Biography

I am an experienced NLP professional with 2 years of LLM and Generative AI and 4 years of Conversational AI research. I have industry experience via internships in leading companies where I deployed several NLP models for real-world user problems. My research work is on the optimization of AI Chatbots.
You can ask a question to ShihabAI v1.0 at bottom right.

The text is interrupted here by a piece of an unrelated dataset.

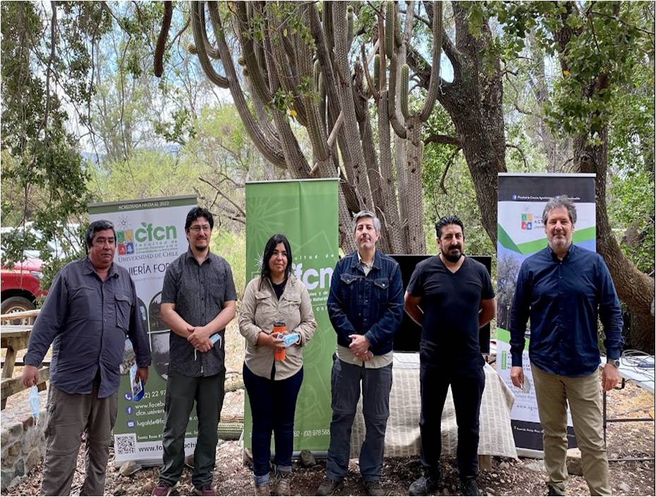 El encuentro se desarrolló en forma presencial en la administración y vivero de la Reserva Natural Privada Altos de Cantillana (RNPAC) y contó con la participación de Fernanda Romero, investigadora coordinadora de la (RNAC) y de los académicos Alan Zamorano, de la Facultad de Ciencias Agronómicas, y Eduardo Martínez e Iván Grez, de la Facultad de Ciencias Forestales y de la Conservación de la Naturaleza; además de los profesores Fiore y Magni.

He only knows one answer though (hehe).

Work Experience

Amazon.com

06/2023 - 09/2023: Applied Scientist Intern

  • Created a Generative AI based pipeline to extract and rewrite millions of user-required features from queries and product descriptions to improve shopper experience
  • Fine-tuned multiple Large Language Models (LLM) such as Falcon 40B for entity extraction, title rewrite tasks with memory optimizations using Deepspeed, Peft, and LoRA
  • Performed big data analysis with PySpark on EMR clusters on 136M customer query and product information data to provide insights on shopper behavior

Brain Technologies Inc.

06/2022 - 09/2022: NLP Intern

  • Created a multi-turn conversational AI in Discord to recommend and re-rank products based on user purchase data to increase user engagement
  • Collaborated with full-time engineers in 4+ projects and 1 hackathon to solve various problems related to natural language processing
  • Utilized and fine-tuned large language model (LLM) GPT-3 with few shot learning to create prototypes for named entity recognition, intent detection, and text summarization for Natural app

University of California, Riverside

07/2020 - Present: Research Assistant

Latest Projects:

  • Budget aware LLMs in Information Retrieval
  • Open Domain Conversational Question Answering
  • Task oriented dialogue systems:
    Development of exposed and internal APIs for chatbot developing platform, work on backend kernel

University of California, Riverside

01/2021 - Present: Teaching Assistant

Courses teaching:
CS 242: Information Retrieval and Web Search

Islamic University of Technology, Bangladesh

01/2019 - 08/2019: Lecturer

Responsible for conducting several undergraduate courses in the field of Computer Science and Engineering including conducting multiple lab classes. Was actively involved with several undergraduate groups with their sophomore year project.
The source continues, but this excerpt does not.